Liquid Satan just possesses everyone

 PRINCE OF DARKNESS (1987)
Reviewed by Jerry Saravia

The slow murmur and drum beat on the soundtrack of "Prince of Darkness" gets to you and can be pulsating. It is not all that different from the soundtrack of John Carpenter's "The Thing" or his "They Live." A solid opening for John Carpenter's Satan film, dealing with subatomic matter and green ooze in a canister and some light philosophical and religious discussions, should have yielded sparks. All I got were numbingly mild shocks.

A group of scientists, computer experts and graduate students from a local university gather together at a run-down church in Los Angeles.
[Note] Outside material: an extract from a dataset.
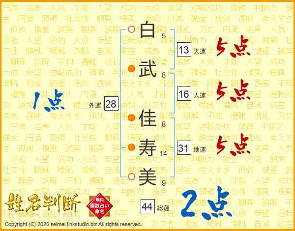 白(5画)武(8画) 佳(8画)寿(14画)美(9画)
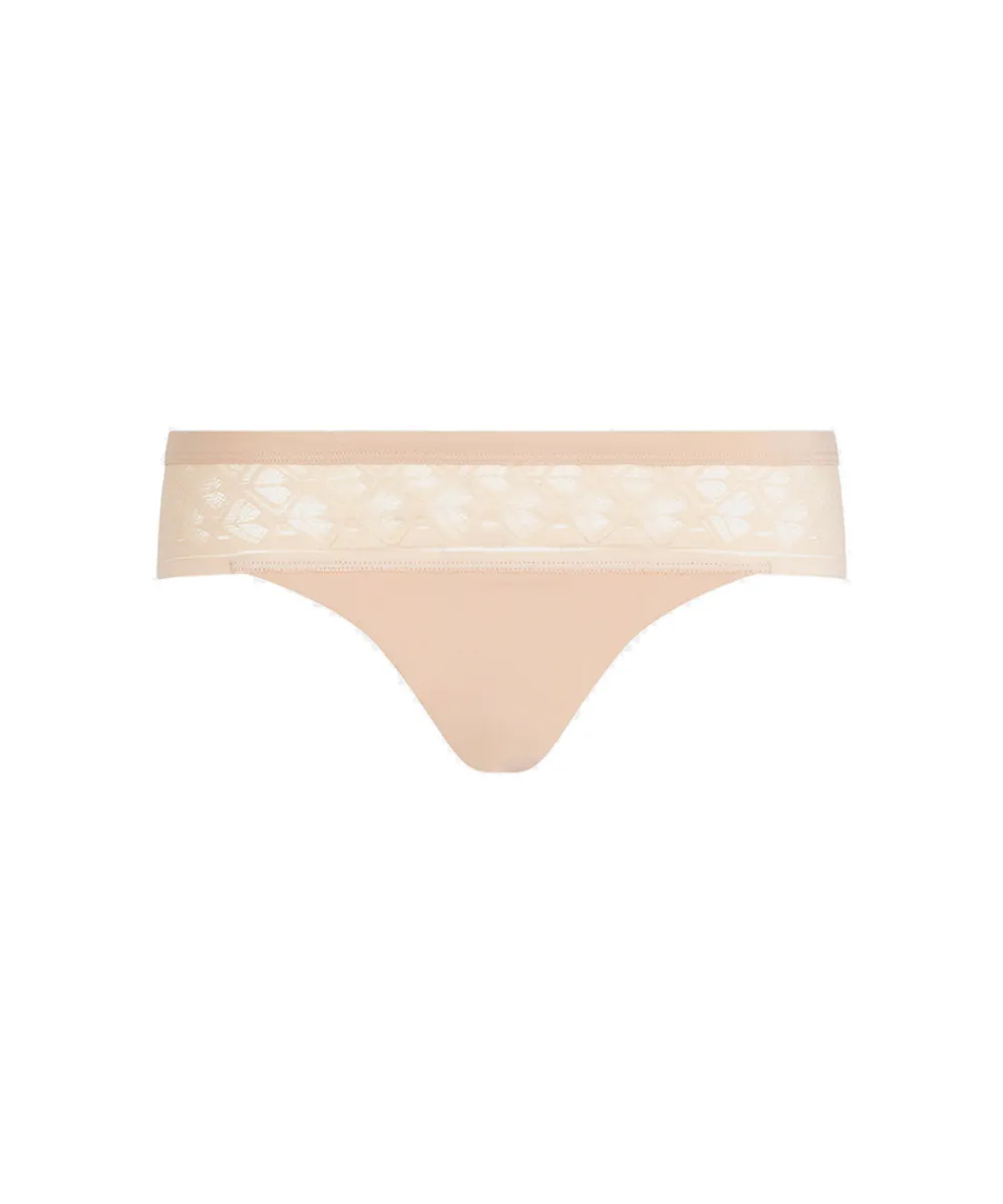 Elegant hipstertrusse fra Chantelle EasyFeel med detaljer af blonde på både for- og bagside. Trussemodellerne hipster og shorts har en vandret benudskæring. Hipstertrussen går lidt op på balden og tegner et vandret snit mens shortsene dækker hele balden. Materiale: blonde 87,5% nylon 12,5% elastan, strik 72% nylon 28% elastan, skridtkile 100% bomuld.

This particular church houses the green ooze in a canister, which can only be opened from the inside. Yeah, who is going to get close to a canister where that green liquid ooze is in constant motion! Some do try, and then get that green liquid shot into their mouths causing them to be possessed. Donald Pleasance is a very perturbed priest who is summoned to this church while homeless people (including one played by Alice Cooper) stand around looking at the sun - at night, they look at the open windows of the church. Standing, and standing, and standing. If anyone leaves the church, they come after you and kill you, or you get possessed with creepy crawlies like bugs consuming your body. 
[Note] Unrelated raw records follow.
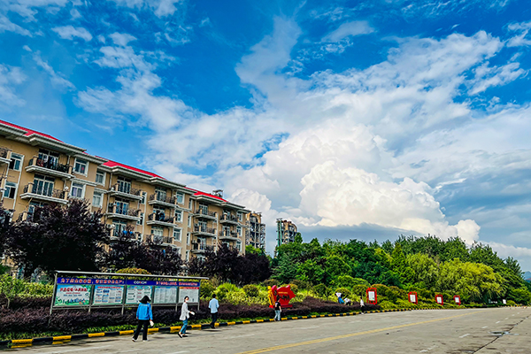 藍(lán)天白云悠然鋪展,公司萬噸線宿舍樓與蔥郁綠植相映成趣,行人于開闊道路間漫步,在晴朗日光里勾勒出一幅閑適生動(dòng)的生活畫卷。
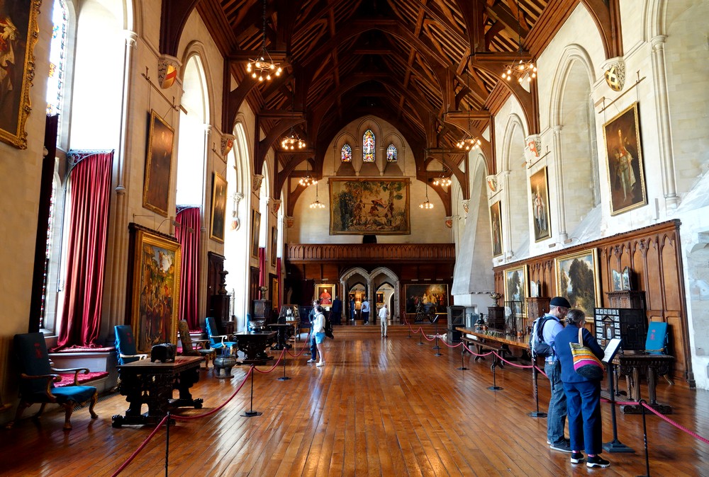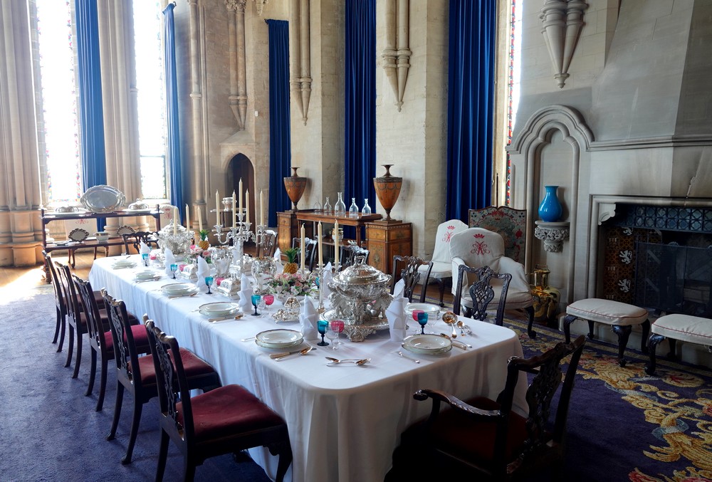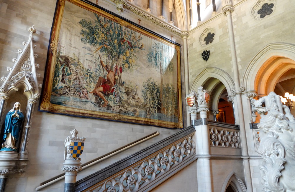 Après plus de deux heures passés dans cette belle ambiance fleurie, nous retournons vers le château pour visiter les intérieurs. Nous suivons un itinéraire balisé qui nous fait d’abord découvrir la chapelle privée et la grande salle du baron, longue de 41m. Après sa rénovation de 1900, le château d’Arundel fut l’un des premiers du pays à être équipé de l’éclairage électrique, de détecteurs anti-incendie intégrés, d’alimentation en eau courante, d‘ascenseurs et même du chauffage central. Pour l’anecdote, il faut savoir que l’installation électrique, à l’époque, nécessita de débourser plus de 36.000£, tandis que la cheminée magnifiquement sculptée du salon ne coûta que 150£ !
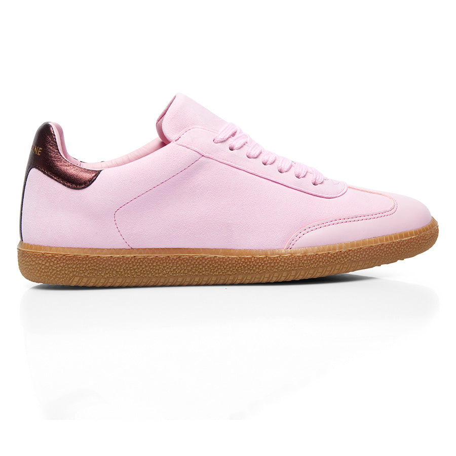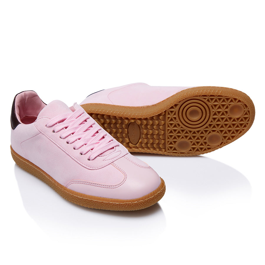 These beautifully designed trainers feature a soft pink suede and leather upper with a gum coloured rubber sole, offering a relaxed sporty shape that's both fashionable, pretty and comfortable. The metallic brown leather heel tab and soft pink leather toe offer a subtle textural contrast, in this feminine style.
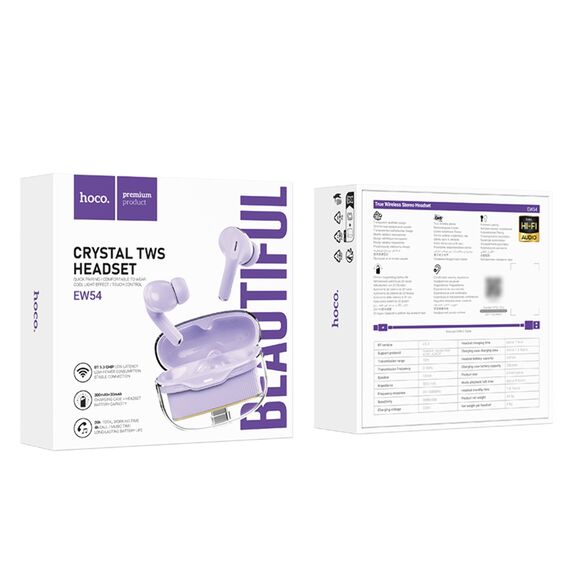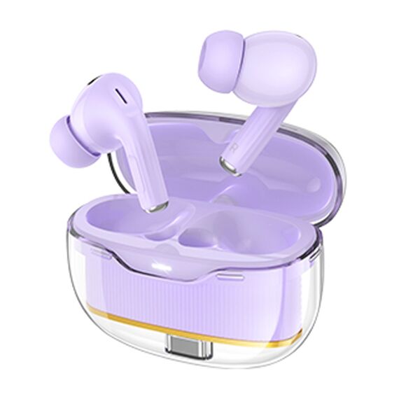 Бездротові TWS навушники Hoco EW54 у фіолетовому кольорі забезпечують відмінну якість звуку та зручність використання. Вони оснащені Bluetooth 5.3 і підтримують швидкий зв'язок з пристроями. Час роботи навушників складає 4 години, а зарядний кейс має ємність 300 мАг.
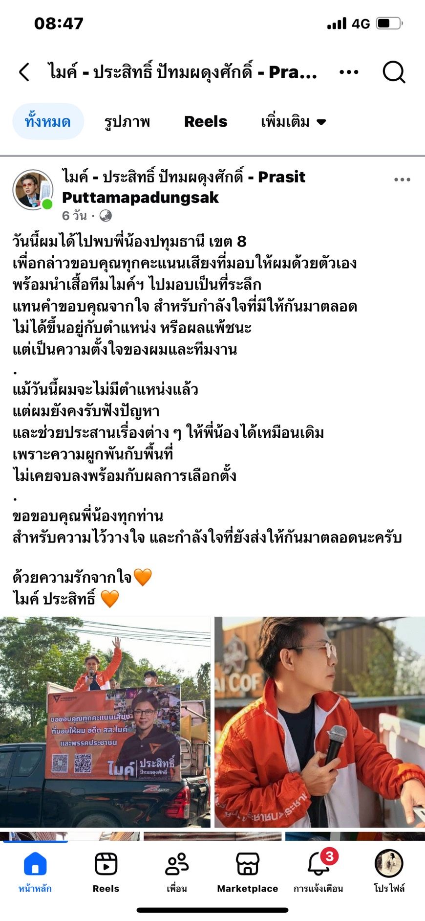 เมื่อวันที่ 22 ก.พ.2569 ผู้สื่อข่าวรายงานว่า นายประสิทธิ์ ปัทมผดุงศักดิ์ อดีตสส.ปทุมธานี เขต7 เเละผู้สมัคร สส.ปทุม ธานี เขต 8 พรรคประชาชน ได้โพสต์ข้อความลงเฟซบุ๊ก ช่วง 6 วันก่อนหน้านี้ โดยลงข้อความเเละภาพของนายประสิทธิ์ เเละทีมงานช่วงลงพื้นที่ในห้วงเวลาดังกล่าวว่า “วันนี้ผมได้ไปพบพี่น้องปทุมธานี เขต 8 เพื่อกล่าวขอบคุณทุกคะแนนเสียงที่มอบให้ผมด้วยตัวเอง พร้อมนำเสื้อทีมไมค์ฯ ไปมอบเป็นที่ระลึกแทนคำขอบคุณจากใจ สำหรับกำลังใจที่มีให้กันมาตลอดไม่ได้ขึ้นอยู่กับตำแหน่ง หรือผลแพ้ชนะ แต่เป็นความตั้งใจของผมและทีมงาน

The most stunning image is one presumably from the future where the church entrance shows someone, maybe Satan, in shadow with its arms outstretched. Other than that, we do get a romantic subplot with the late Lisa Blount and Jameson Parker that draws some sparks of interest. I like the deep conversations between Victor Wong as a physics professor and Pleasance. The rest of the film is turgid, monotonous nonsense with the liquid Satan consuming everyone in its path and possessing everyone to kill each other. A reflective mirror leads to another dimension where Satan's hand is not far behind. Coming from the one of the masters of horror, John Carpenter's "Prince of Darkness" contains a few jump scares (which Carpenter is terrific at, minus any "shock" sound effect) but most of the film is just silly humdrum fare where you are left standing, or sitting, waiting for the inevitable.